# Tanning Lotion



## Tessigrl (Jul 25, 2005)

Ok, so I know that tan beds are bad, but I am going to start today tanning. Can anyone recommend a good accelerator to use, mostly for my legs because they just don't tan fast enough. I am ligh skinned but tan easily.
thanks


----------



## rouquinne (Jul 25, 2005)

DON'T tan!!!

i really like Neutrogena Build-a-Tan for my pasty white legs!!!


----------



## s_rae22 (Jul 25, 2005)

I am bad and tan in a tanning bed sometimes too and I have tried several lotions, but always end up going back to Swedish Beauty products. I really like the lotions w/ tingle factor in them. If you haven't used a lotion with tingle before, I'd suggest getting a sample packet b/c some people absolutely hate this stuff. I liked Sinful (which is T7, a lower level of tingle) when I first started. I think it has bronzers in it too which is always nice. Ebay is a great place to buy lotions too because salons mark them way up. Hope this helps!


----------



## Eye<3Colour (Jul 25, 2005)

i stopped for awhile, but i did a lindsay lohan and got my hair done blonde, so now i really need to get back to tanning. my fave products are Designer skin, the ones w/tingle and bronzers together. ive tried alot of diff brands and this one works best for me. i think they have one called legs, and its designed for the hard to tan legs.

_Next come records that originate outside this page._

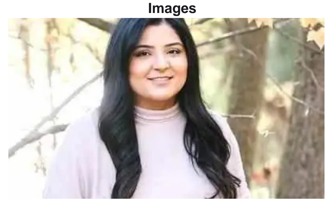
Inclusive psychotherapy ontario

If you wish to adjust any element that you feel is incorrect related to this page, we ask send us a message so we can we will fix it quickly. Thank you in advance thanks for your cooperation.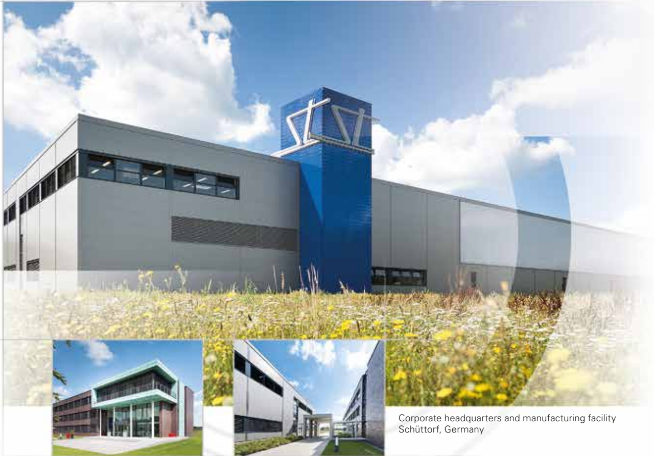
Corporate headquarters and manufacturing facility Schüttorf, Germany

We are one of the world's leading manufacturers of energy and data transfer components and systems in industrial and transport technology.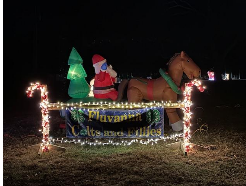
COLTS AND PHILLIES 4-H CLUB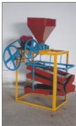
Hand-operated lac grader

Molecular characterization of lac insect lines: DNA isolation protocol has been standardized for single mature female lac insect. PCR conditions for screening of primers and RAPD studies were optimized. Preliminary screening of 20 lac insect lines using 8 random primers yielding positive amplicons showed that this technique would be useful for molecular characterization of lac insects at both intra- and inter-specific levels.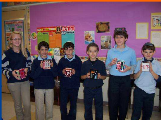
6 th Grade Needlepoint Project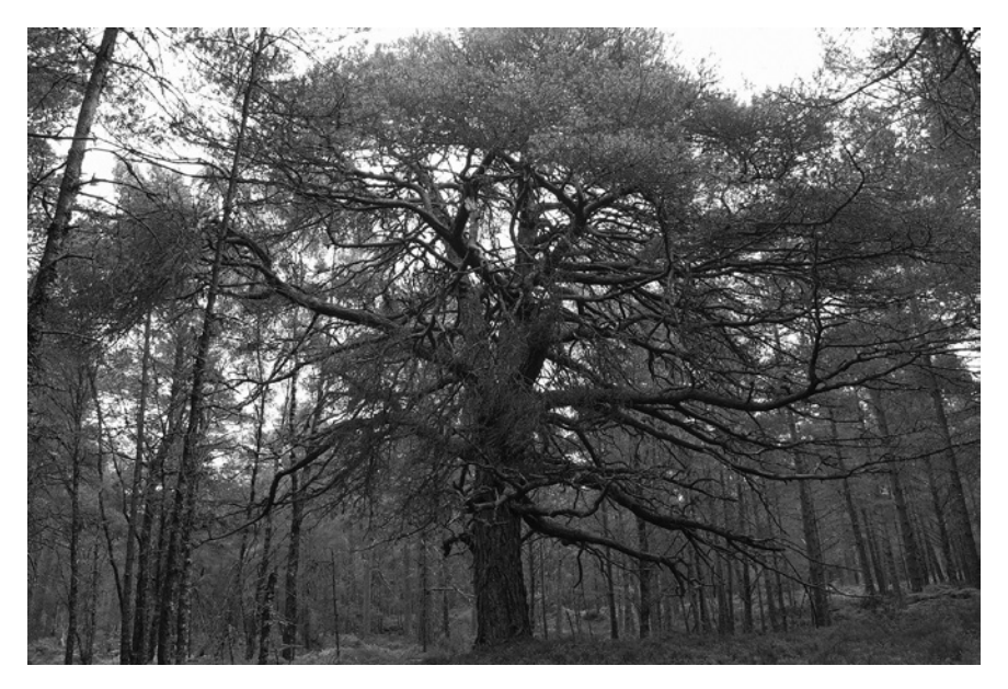
FIGURE 7.6 Granny pine in the young regenerated pine trees in the Black Wood.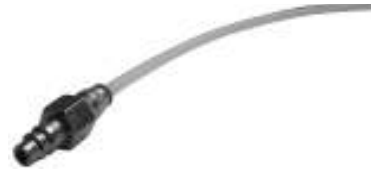
Part # 7065 5/16" Hose Adaptor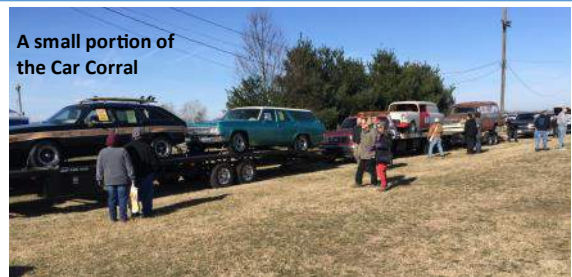
A small portion of the Car Corral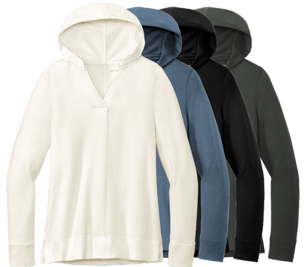
PORT AUTHORITY Ladies Microterry Pullover Hoodie LK826 Women's Sizes: XS-4XL | 4 colors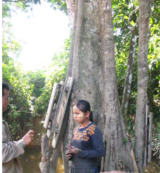
Figure 2.6. Discussion with rattan farmers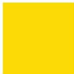
Yellow - PMS 108

Four-color process: Cyan 2% Magenta 11% Yellow 100% Black 0%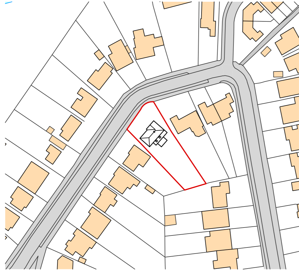
01 Existing Location Plan Scale: 1:1250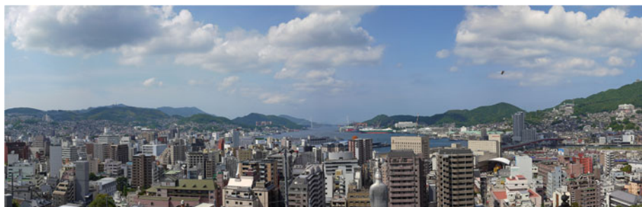
Figure 8. Nagasaki today.

appears in two photos is Mr Katsuji Yoshida. All three were gravely injured by the bomb when in their mid-teens but somehow survived. In the years following the war, they continued telling people about the horrors of the bomb and participating in peace activities that demanded the abolition of nuclear weapons.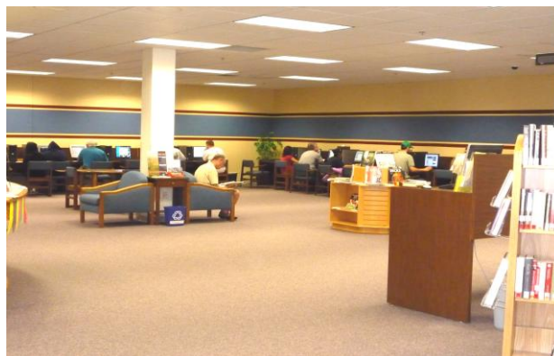
Marathon County Public Library – Wausau, 2 nd Floor

These decorating changes have garnered many positive comments from both customers and staff. Everyone, it seems, likes the friendlier look.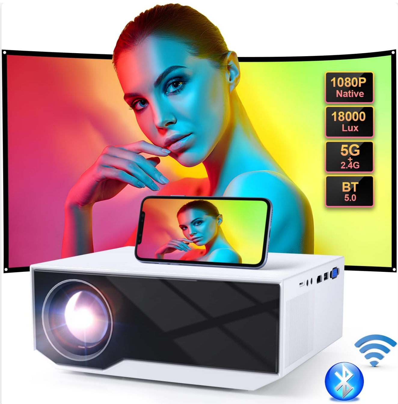
Image 1.1: Wiello Mini Projector displaying a high-quality image, highlighting its native 1080P resolution, 18000 Lumens brightness, 5G/2.4G WiFi, and Bluetooth 5.0 capabilities.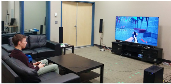
Figure 3. Participant performing the study. The game can be seen on the display.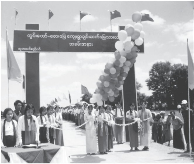
The opening of Village-to-village road linking Twintaw and Laymyay Villages in Buthalin Township, Sagaing Division.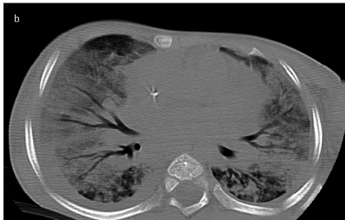
Figure 2. a, b. Results of chest X-ray (a) and chest computed tomography (b) consistent with ARDS

over percutaneous endoscopic gastrostomy tube and was gradually increased in amount. Negative fluid balance was targeted. He was administered erythrocyte suspension because of anemia. Nasopharyngeal swab sample polymerase chain reaction analysis (Fast-track Diagnostics Ltd. Malta, Qiagen, Germany) was positive for H1N1. A seven-day course of oseltamivir was administered. On the seventh day of admission, his chest X-ray showed significant improvement (Figure 3). Ventilation parameters were gradually reduced, and he was extubated on the ninth day. After extubation, respiratory physiotherapy was performed every 3 h. On the 11 th day of admission, the patient was discharged from PICU. Written informed consent was obtained from the patient's parents.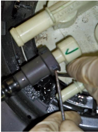
(Fig. 1) Disconnect fuel lines at the sending unit using pick.

and the electrical fitting are pointing or “clocked”, they will need to be installed the same way, at the same angle in the replacement tank. Remove the sending unit from the OEM tank. Do NOT reuse factory “O” ring seal.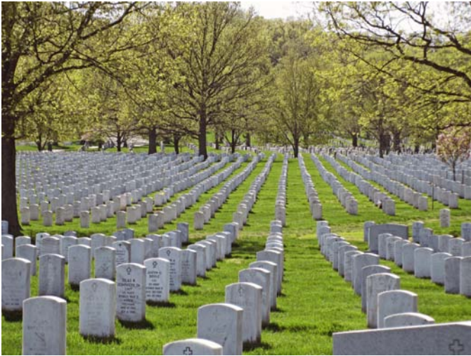
April 10, 2010. Section 60, Arlington National Cemetery, where many of the fallen from Iraq and Afghanistan rest.

Our group then proceeded to the Tomb of the Unknowns where we were met by many other compatriots and SAR Color Guardsmen for a wreath-laying ceremony. Our ceremony was one of about 25 that were conducted that day. The stairs leading to the Tomb plaza were crowded to capacity for the 4 o'clock changing of the guard. We were scheduled for 4:15, and as that time approached, the SAR Color Guardsmen formed on each side of the aisle on the stairs leading down to the Tomb plaza.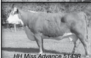
HH Miss Advance 5143R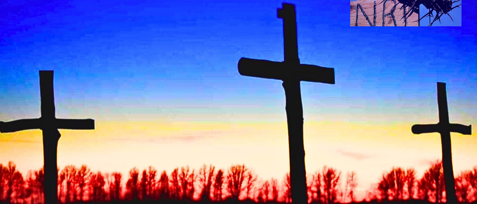
Dust in Time Photo Credit

He IS Risen Sunrise Service Mar.31st @7am

heres a website to get it way cheeper than the salon  http://thesupplenet.com/tanninglotions.html


----------



## Tessigrl (Jul 26, 2005)

What does the tingle do?


----------



## sassy*girl (Jul 26, 2005)

I _heard_ it supposedly stimulates your blood circulation or something which enables you to tan better? Not sure, though.

Have you tried fake baking first? I just got Jiffy Tan from Benefit and it's pretty good. It's sorta like a stain so it simply washes off with soap and water.


----------



## Tessigrl (Jul 26, 2005)

I have used the Jify Tan and I love it but I hate applying everytime I want to look tan.
Ok so I tanned last night and stupid me thinking that the beds are the same as they used to be (think small and low powered) decided that I could go in for 20 minutes. Well the girl didn't say, no you shouldn't go in that long, so I fell asleep (like I always do) and got fried to a crisp. The tanning place is extending my membership and giving me some free lotions. But now what is a good way to tone down the reddness?


----------



## JessieC (Jul 26, 2005)

When i do need a tan pick me up and I hop in a bed, I use Halo. Its has a slight bronzer in it, but it also has an spf of 4 in it. I know thats not much, but its better than nothing. As far as recovering from a burn, I just make sure I use PLENTY of moisturizer and aloe when needed.


----------



## rouquinne (Jul 27, 2005)

Quote:

   Originally Posted by *sassy*girl* 
_I heard it supposedly stimulates your blood circulation or something which enables you to tan better?_

 





blood circulation has NOTHING to do with the production of melanin in the skin.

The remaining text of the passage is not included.